# Какой аккордеон выбрать для обучения 3/4 или 4/4?



## Yaroslav Yatsyk (3 Ноя 2019)

Здравствуйте мне 22 года и я решил научиться играть на аккордеоне. Какой размер лучше подходит для начального обучения 3/4 или 4/4?


----------



## vev (3 Ноя 2019)

Yaroslav Yatsyk, 
Какой рост? 
Взрослому с нормальным ростом нужен полный инструмент


----------



## Yaroslav Yatsyk (3 Ноя 2019)

vev написал(а):


> Yaroslav Yatsyk,
> Какой рост?
> Взрослому с нормальным ростом нужен полный инструмент


Рост у меня: 187 см


----------



## vev (3 Ноя 2019)

yaroslav972802 написал(а):


> Рост у меня: 187 см


тогда без вариантов


Аргументы:
- на ¾ мех очень короткий и взрослый мужчина его просто напросто оторвет. 
- невозможно обеспечить нормальную постановку инструмента при игре сидя. Он либо будет висеть на ремнях, либо будет стоять но очень низко.

Узкий диапазон тоже можно отнести сюда же. Его конечно же хватит для начального обучения, но достаточно быстро упретесь в конец клавиатуры.


----------



## Yaroslav Yatsyk (4 Ноя 2019)

Ещё один вопрос по теме
Итальянский полный трёхголосный подойдёт для начала обучения?


----------



## vev (4 Ноя 2019)

Да пофиг.... Если у него нормальная механика, не травит мех, нормальный строй - нивапрос. Садитесь за инструмент и вперед... 

Вот только, чтобы не наделать ошибок с самых первых шагов, возьмите несколько занятий с педагогом. Он должен поставить руку и инструмент. Поверьте, от этого очень многое зависит при освоении инструмента.


----------



## Alex33 (4 Ноя 2019)

Ярослав, почему Вы решили обучиться игре, именно, на аккордеоне, а не на баяне?
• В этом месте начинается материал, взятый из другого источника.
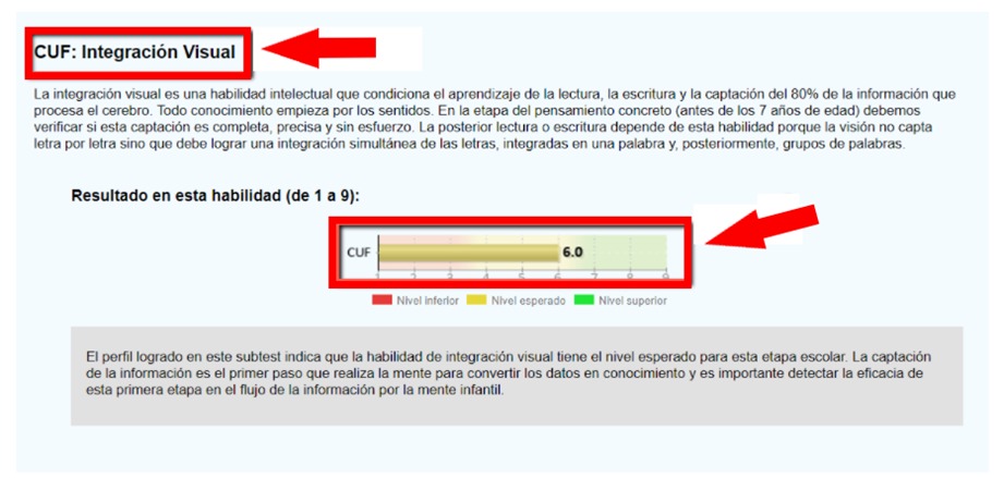 Informe dirigido especialmente al orientador/psicólogo del consultorio y que contiene información sobre los resultados del evaluado y un apartado especial con sugerencias generales. Este informe proporciona un diagnóstico temprano de las habilidades intelectuales, para así prevenir problemas en el aprendizaje y asegurar la cimentación de los procesos cognitivos.

А по поводу педагога--это правильный совет от Евгения.


----------



## Yaroslav Yatsyk (4 Ноя 2019)

Alex33 написал(а):


> Ярослав, почему Вы решили обучиться игре, именно, на аккордеоне, а не на баяне? А по поводу педагога--это правильный совет от Евгения.
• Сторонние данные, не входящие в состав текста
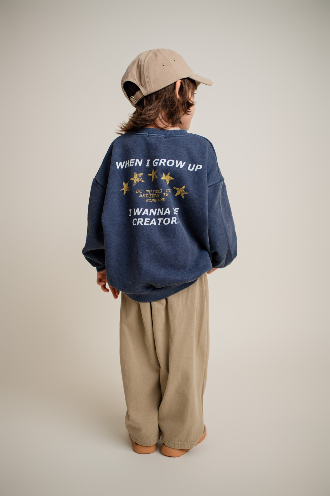 Mai mult decât un hanorac, e o declarație. Din bumbac moale și croi relaxed, poartă pe spate mesajul I wanna be a creator – un manifest pentru joacă, imaginație și libertatea de a-ți construi propriul univers. O piesă statement, confortabilă și plină de atitudine.

Я просто знаком с клавиатурой фортепиано


----------



## Alexei (5 Ноя 2019)

yaroslav972802 написал(а):


> Я просто знаком с клавиатурой фортепиано


Имеет смысл познакомиться с клавиатурой баяна. Расположение кнопок на баяне упрощает исполнение. Сам инструмент как правило более компактный. Всё что играют на аккордеоне можно сыграть на баяне, но не наоборот.


----------



## Yaroslav Yatsyk (5 Ноя 2019)

Alexei написал(а):


> Имеет смысл познакомиться с клавиатурой баяна. Расположение кнопок на баяне упрощает исполнение. Сам инструмент как правило более компактный. Всё что играют на аккордеоне можно сыграть на баяне, но не наоборот.
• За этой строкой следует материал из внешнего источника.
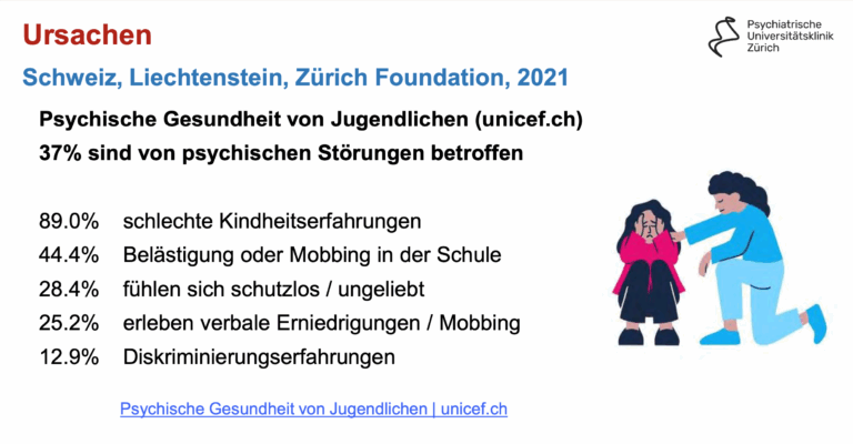 Sage und schreibe 37% der Jugendlichen in der Schweiz und in Liechtenstein sind von psychischen Störungen betroffen, und die Statistik zeigt, dass es dafür fast nie eine einzige Ursache gibt, sondern dass es um das Zusammenspiel vieler Faktoren: Familie, Schule, Peers, Medien, Krisen und individueller Veranlagung geht.

Мне просто аккордеон более ближе чем баян


----------



## Alex33 (5 Ноя 2019)

yaroslav972802 написал(а):


> Я просто знаком с клавиатурой фортепиано


Тогда правильный выбор. Мне нравится продуманное расположение кнопок у баяна, что упрощает технические возможности при игре. Да и сам баянный бас впечатляет. Но аккордеон с 11 лет восхищал меня своей мелодичностью, да и внешним видом тоже... В добрый путь, Ярослав!


----------



## Yaroslav Yatsyk (5 Ноя 2019)

Alex33 написал(а):


> Тогда правильный выбор. Мне нравится продуманное расположение кнопок у баяна, что упрощает технические возможности при игре. Да и сам баянный бас впечатляет. Но аккордеон с 11 лет восхищал меня своей мелодичностью, да и внешним видом тоже... В добрый путь, Ярослав!


Большое спасибо))


----------